On Thu, May 25, 2017 at 06:49:50PM +0800, Longjiang Mu wrote:
> Hi Jean-Michel,
> 
> Sorry for my late reply, trying to find some time for test.
> 
> 1. about the input data
> I have checked over the input data again.
> The data is downloaded from ECMWF with data range in 30 -90N and
> grids as archive.
> It's very interesting that the data at 90N is almost the same as
> that at 89.7222N.
> So, as you mentioned, large gradients can be found around north pole.
> That definitely will cause the blow up at the north pole.
> 
> 2. The forcing data at 90N should be the same, or with very small
> deviations.
> But I think it's not the main reason caused the extreme values.
> Please see 3 below.
> 
> 3. about the lat, lon defined in data.exf
> As your reminding, I change the *wind_lat_inc to be
> (107*0.5555500D0,0.27777475D0), which were (108*0.5555500D0) before:
> >uwind_lon0        = 0.83261501D0,
> > uwind_lon_inc     = 0.833333333299D0,
> > uwind_lat0        = 30.0006000000D0,
> > uwind_lat_inc     = 107*0.5555500D0,0.27777475D0,
> > uwind_nlon        = 432,
> > uwind_nlat        = 109,
> >#uwind_interpMethod     = 1,
> >
> > vwind_lon0        = 0.83261501D0,
> > vwind_lon_inc     = 0.833333333299D0,
> > vwind_lat0        = 30.0006000000D0,
> > vwind_lat_inc     = 107*0.5555500D0,0.27777475D0,
> > vwind_nlon        = 432,
> > vwind_nlat        = 109,
> >#uwind_interpMethod     = 1,
> 
> Unfortunately the model still blew up finally.
> This is because in exf_interp_uv.F,
> >128 C--   setup input latitude grid
> >129       y_in(1) = lat_0
> >130       DO j=1,nyIn+1
> >131        i = MIN(j,nyIn-1)
> >132        y_in(j+1) = y_in(j) + lat_inc(i)
> >133       ENDDO
> >134       y_in(0) = y_in(1) - lat_inc(1)
> >135       y_in(-1)= y_in(0) - lat_inc(1)
> , in our case,
> >y_in(nyIn)=y_in(nyIn-1)+0.27777475D0=89.72222475
> >y_in(nyIn+1)=y_in(nyIn)+0.27777475D0=89.99999950
> , the y_in(nyIn+1) is very close to 90.0 but still satisfies
> >j = nyIn+2
> >IF ( ABS(y_in(j-1)).LT.yPole .AND. ABS(y_in(j)).GT.yPole ) THEN
> >          y_in(j) = yPole
> Then , y_in becomes:
> 
> >y_in(nyIn): 89.72222475
> >y_in(nyIn+1): 89.99999950
> >y_in(nyIn+2): 90.00000000
> 
> , and before are:
> 
> >y_in(nyIn):    89.999998569488525
> >y_in(nyIn+1):  90.000000000000000
> >y_in(nyIn+2):  90.000001430511475
> 
> 
> So, if the y_in passed into the LAGRAN function,
> 
> >          denom = denom*(a(i) - a(k))
> >          numer = numer*(x    - a(k))
> 
> numer/denom can be 10^3 .
> What we learned above is that the lat(end) + lat_inc(end) should
> never be too close to 90.
> The figure attached is the extreme values near north pole (the model
> domain: ECCO2_panArctic_18km(420x384)).
> 
> Best Regards,
> Longjiang
> 
> ??? 2017???05???24??? 05:50, Jean-Michel Campin ??????:
> >Hi Longjiang,
> >
> >I am switching to mitgcm-devel to sort out the issue.
> >
> >1) May be I missed it, but I still don't know where you are interpolated to,
> >  i.e., my first question:
> >>1) which type of model grid are you using and where does the "bad" interpolated
> >>   values are found (just at the N.pole ?) ?
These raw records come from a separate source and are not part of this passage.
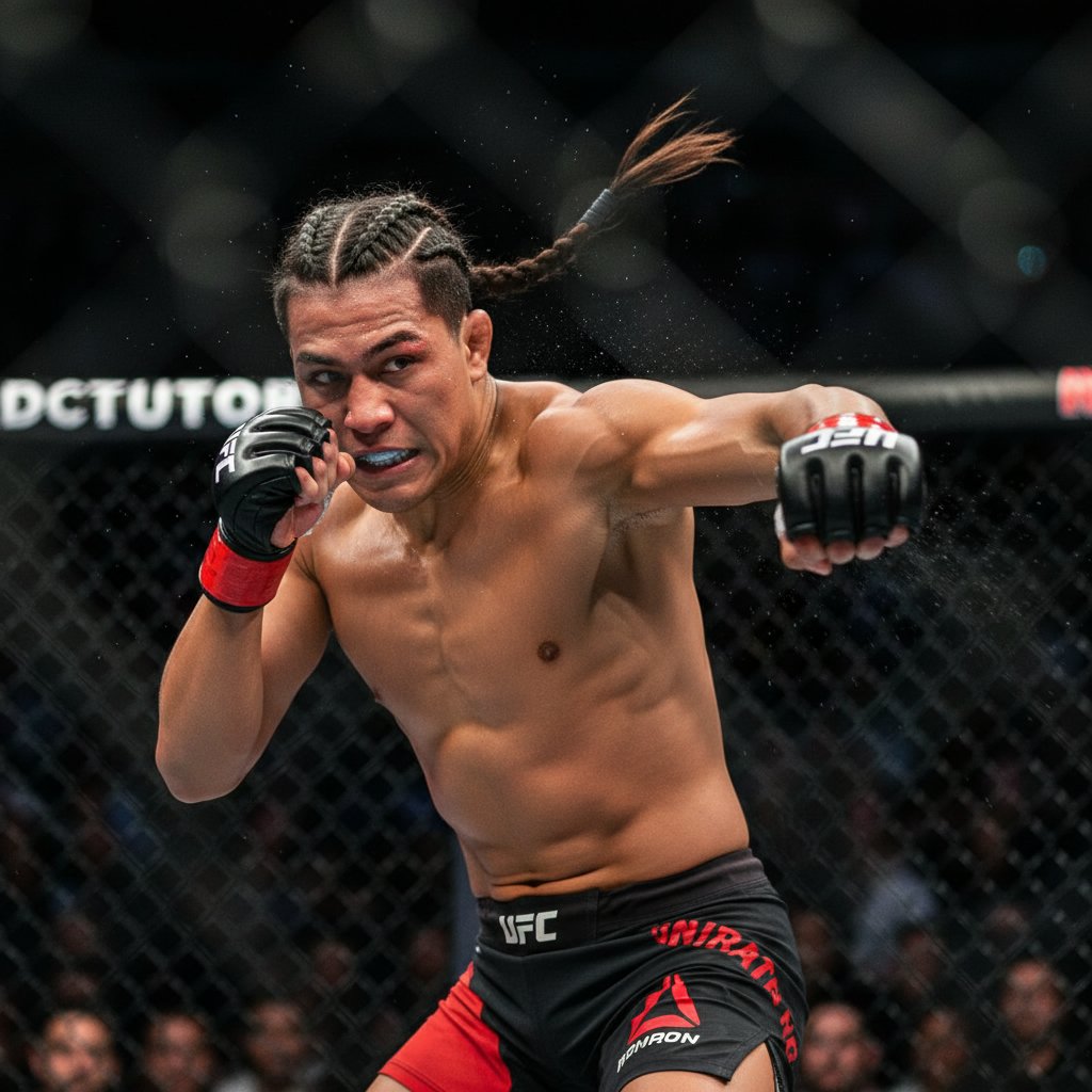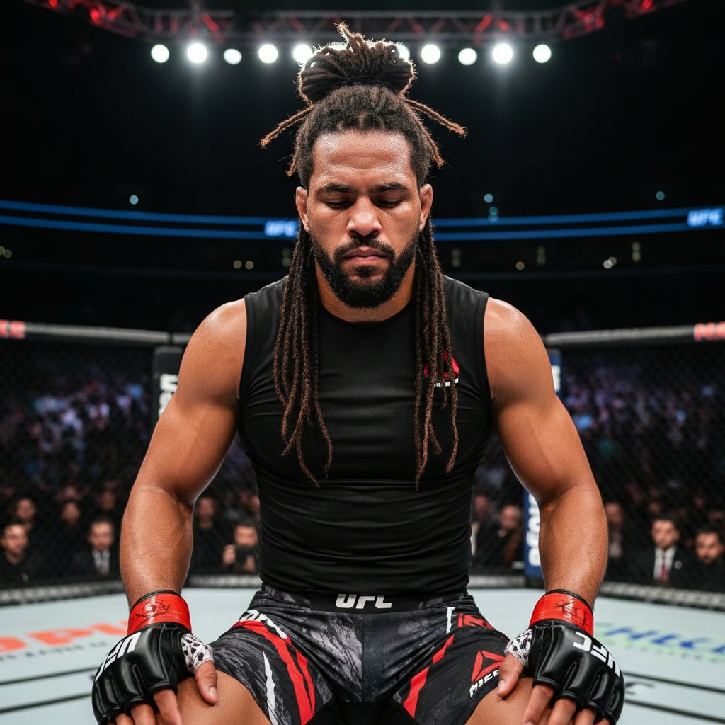 Securely tied dreadlocks that embody the fighter's determination and strength, keeping the focus on the fight.
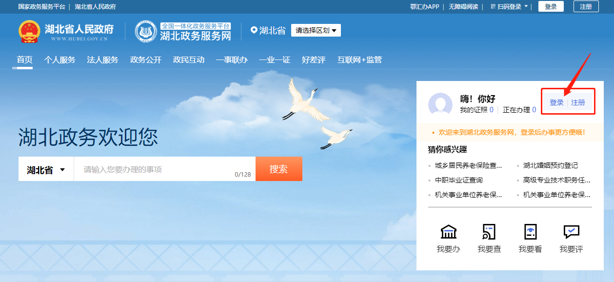 登录“湖北政务服务网”,进入页面,选择【登录】(未注册用户需先注册)。
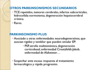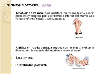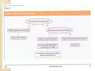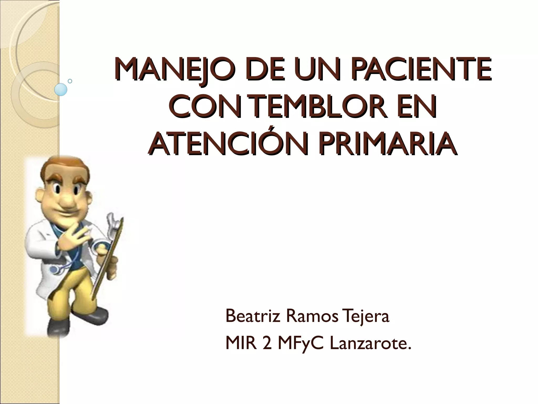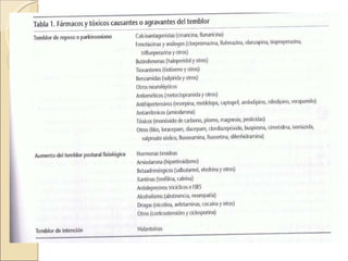 Este documento proporciona una guía sobre el manejo de pacientes con temblor en atención primaria. Describe los diferentes tipos de temblor, incluyendo temblor de reposo, temblor esencial, temblor cerebeloso y parkinsonismo farmacológico. Explica cómo realizar un examen dirigido y ofrece recomendaciones sobre el tratamiento de condiciones como el temblor esencial, la enfermedad de Parkinson y el parkinsonismo inducido por fármacos. También indica cuándo derivar a un
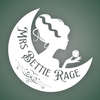 A decorative circular emblem featuring a silhouette of a woman with an updo hairstyle holding a die, surrounded by ornate gold detailing. The text inside the emblem reads "Mrs Bettie Rage."
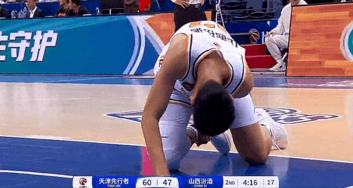 焦海龙防守落地崴脚,随后表情痛苦倒地不起

> >2) Since the last latitude is very close to the North pole (~ 90 - 1.e-6),
> >  I would assume (and exf interpolation does) that all the 432 values (in lon
> >  direction) represent the same (or nearly the same) wind vector (i.e., the wind
> >  at the North pole) but would be oriented along the local direction (local eastward
> >  and local northward directions) to get the 432 values:
> >    uwind(1:432,nlat) =  U_pole * cos( lon*rad ) + V_pole * sin( lon*rad )
> >    vwind(1:432,nlat) = -U_pole * sin( lon*rad ) + V_pole * cos( lon*rad )
> >  And these 432 value should be very close to the single averaged value (after local
> >  rotation) that pkg/exf computes at the north pole.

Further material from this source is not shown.